Problem to work on:
Could you output the whole listing exactly as it stands, minus any images?

Given information:
Start of Block

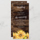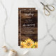 Rustiskt bröllopsprogram för solrostema med vattenfärgade blommor i gult på en lada med bakgrund från bröllop-ceremonin och party. Temaprogrammet perfekt land för sommar- och fallbröllop.
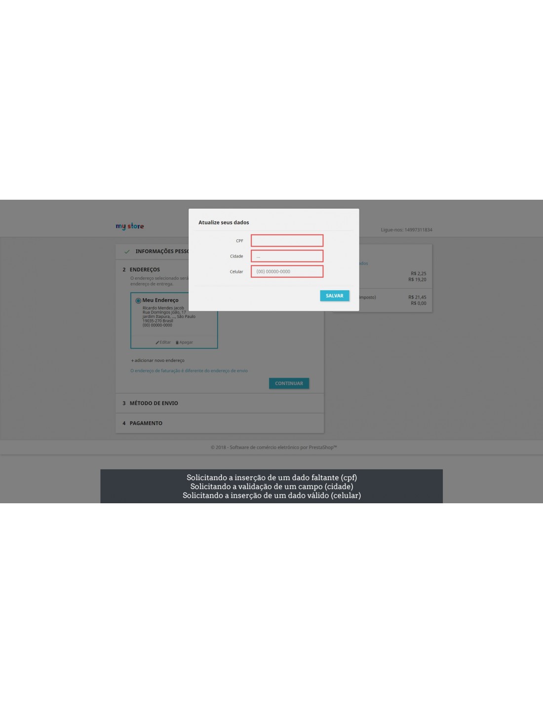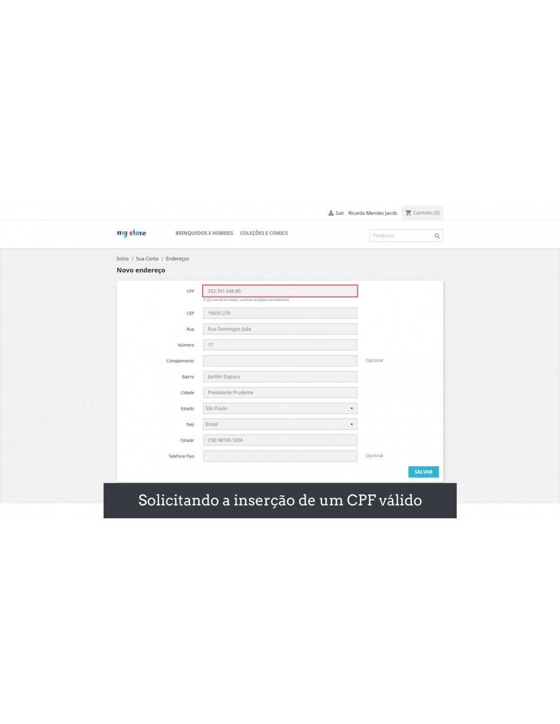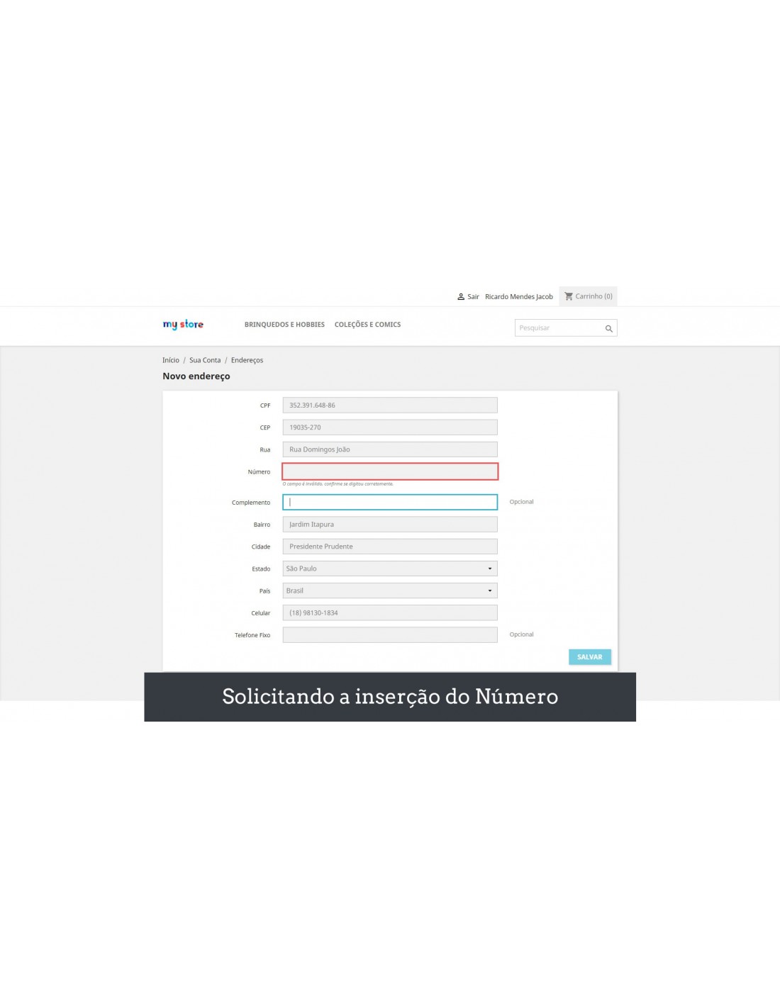 Este módulo faz a inserção do campo de Número no cadastro de endereços e padroniza os campos de CPF, Razão Social/CNPJ/Inscrição Estadual no cadastro do cliente. Além de validar os campos de CEP/CPF e CNPJ, e auto preencher o endereço através do CEP.
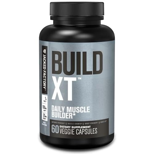 Jacked Factory Build-XT Daily Muscle Builder & Performance Enhancer – Muscle Building Supplement for Muscular Strength & Growth | Trademarked Ingredients Peak02, ElevATP, & Astragin – 60 Veggie Pills

End of Block

Reply:
 Rustiskt bröllopsprogram för solrostema med vattenfärgade blommor i gult på en lada med bakgrund från bröllop-ceremonin och party. Temaprogrammet perfekt land för sommar- och fallbröllop.
 Este módulo faz a inserção do campo de Número no cadastro de endereços e padroniza os campos de CPF, Razão Social/CNPJ/Inscrição Estadual no cadastro do cliente. Além de validar os campos de CEP/CPF e CNPJ, e auto preencher o endereço através do CEP.
 Jacked Factory Build-XT Daily Muscle Builder & Performance Enhancer – Muscle Building Supplement for Muscular Strength & Growth | Trademarked Ingredients Peak02, ElevATP, & Astragin – 60 Veggie Pills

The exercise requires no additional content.